Politik, Satir, dan Cinta Segitiga: Teater Gardanalla Kembali ke Salihara Lewat “Bertiga tapi Berempat”

Setelah mencuri perhatian dalam sesi Work In Progress di panggung SIPFest 2024, Teater Gardanalla kembali ke Teater Salihara, membawa sesuatu yang bukan hanya baru, tetapi juga menohok. Beberapa waktu lalu, kelompok ini mementaskan Bertiga tapi Berempat, sebuah lakon yang memadukan sejarah, humor gelap, dan politik, dalam balutan metateater yang menggelitik intelektualitas penonton.

Lakon ini bukan karya baru sepenuhnya. Ia lahir dari rahim Bertiga, sebuah naskah yang pertama kali dipentaskan pada 2009. Namun di tangan Joned Suryatmoko, penulis dan sutradara yang telah lama dikenal sebagai penggali ironi sosial-politik melalui teater, naskah itu bukan sekadar dihidupkan kembali, melainkan dijungkirbalikkan, didekonstruksi, dan dihadirkan sebagai refleksi atas cara kita mengingat, mengarang, bahkan memanipulasi sejarah.“Dalam Berempat tahun 2025 ini, naskah Bertiga yang awalnya hanya dimainkan oleh tiga karakter, kini dibawakan oleh empat aktor secara bergantian. Ini bukan hanya keputusan artistik, tapi bagian dari kerangka metateater, kita tidak hanya menonton cerita, tetapi juga bagaimana cerita itu dimainkan,” ujar Joned.

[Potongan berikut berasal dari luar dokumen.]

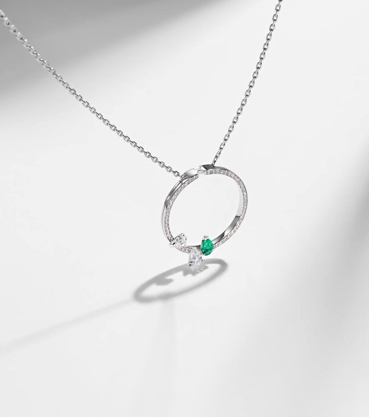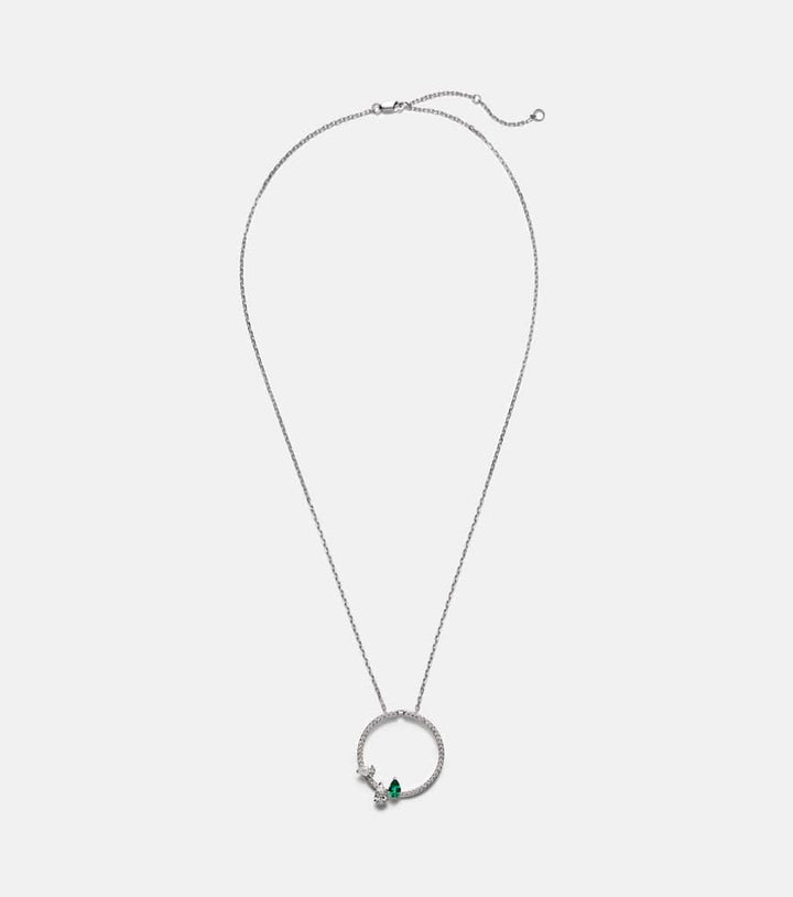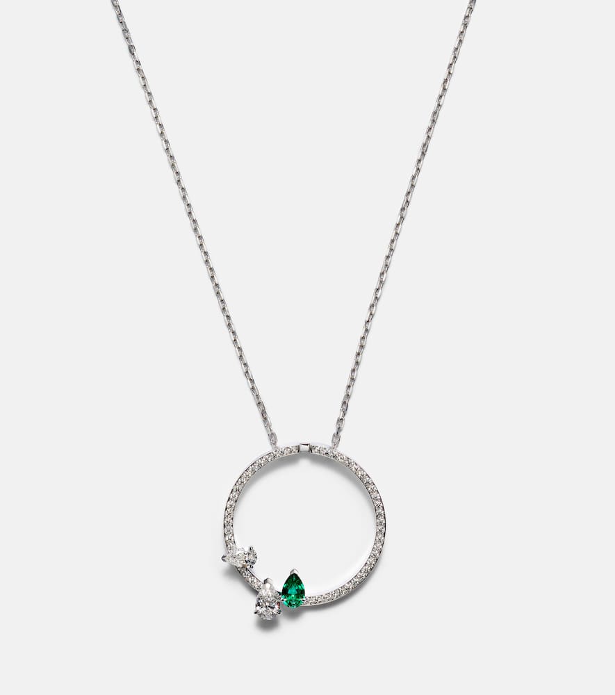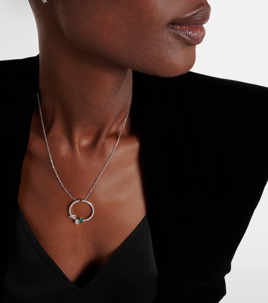 Serti Sur Vide 18kt white gold necklace with diamonds and emerald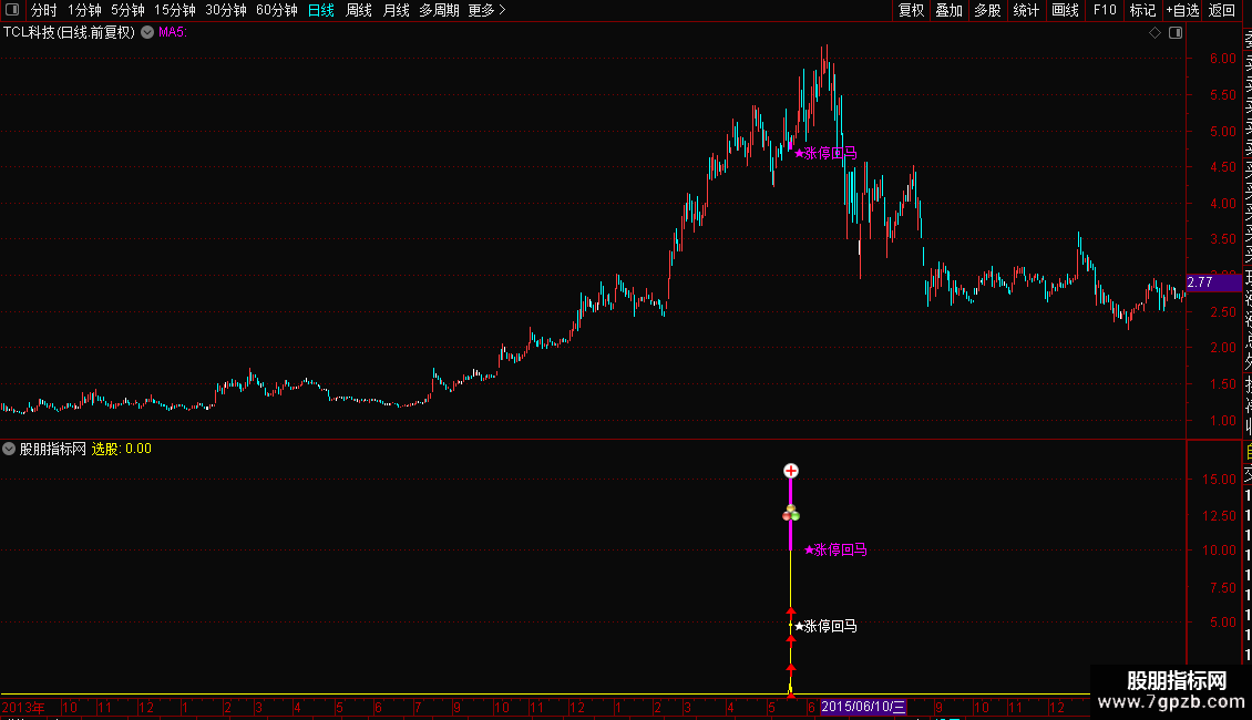 DRAWTEXT(FILTER(XG=1,5),LOW-0.05, ' ★涨停回马'),COLORFF00FF;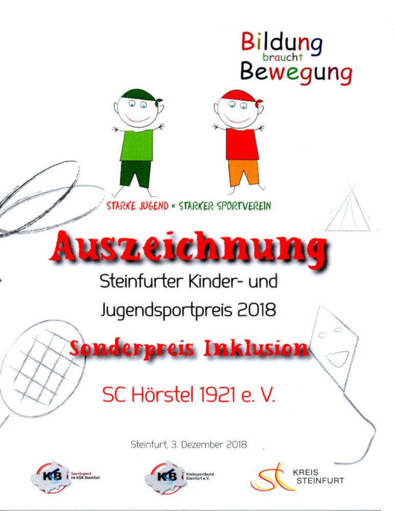 Für das Projekt „Inklusion beim SC Hörstel – Ausbildung von Menschen mit Behinderung zu Assistenztrainern“ erhielt der SC die erstmalig ausgelobte Sonderförderung Inklusion.

Metateater atau “teater dalam teater”, di sini bukan hiasan intelektual, melainkan instrumen kritis. Penonton diajak untuk melihat lapisan demi lapisan pementasan, memahami bagaimana peristiwa dibingkai, diatur, dan dihidangkan ulang dalam bentuk yang tampak jenaka, tapi sesungguhnya getir.Cerita yang disampaikan pun tidak main-main. Bertiga tapi Berempat membawa penonton 13 tahun setelah peristiwa pembakaran majalah Gatra di depan Grha Sabha Pramana, Kampus UGM Yogyakarta.

Tiga orang yang terlibat, baik langsung maupun tidak, dipertemukan kembali dalam situasi absurd: mereka hendak “bercinta bertiga.” Dari situ, perlahan-lahan terkuak motif, luka, dan interpretasi yang berbeda atas masa lalu. Seperti politik itu sendiri: tak pernah utuh, tak pernah satu versi.“Lakon ini bukan tentang siapa salah, siapa benar. Ini tentang bagaimana kita menyusun narasi, bagaimana nostalgia bisa dipelintir, dan bagaimana sejarah pribadi maupun publik kerap kali digunakan demi kepentingan tertentu,” jelas Joned, dengan nada yang tenang tapi tajam.

Dalam pementasan ini, aktor tidak diminta untuk “menjadi karakter.” Mereka diminta untuk menjadi sadar atas tubuhnya, atas cerita yang mereka bawa, dan atas peristiwa yang mereka wakili. Inilah panggung yang bukan sekadar hiburan, tetapi medan dialektika.Setelah tahun-tahun politik yang panas, dari Pemilu ke Pemilu, dari debat publik hingga perang narasi di media sosial, kita butuh ruang semacam ini. Ruang yang tidak hanya menyajikan politik sebagai tontonan, tetapi juga sebagai sesuatu yang bisa kita tanggapi secara reflektif dengan tawa, dengan renungan, bahkan dengan rasa jengah.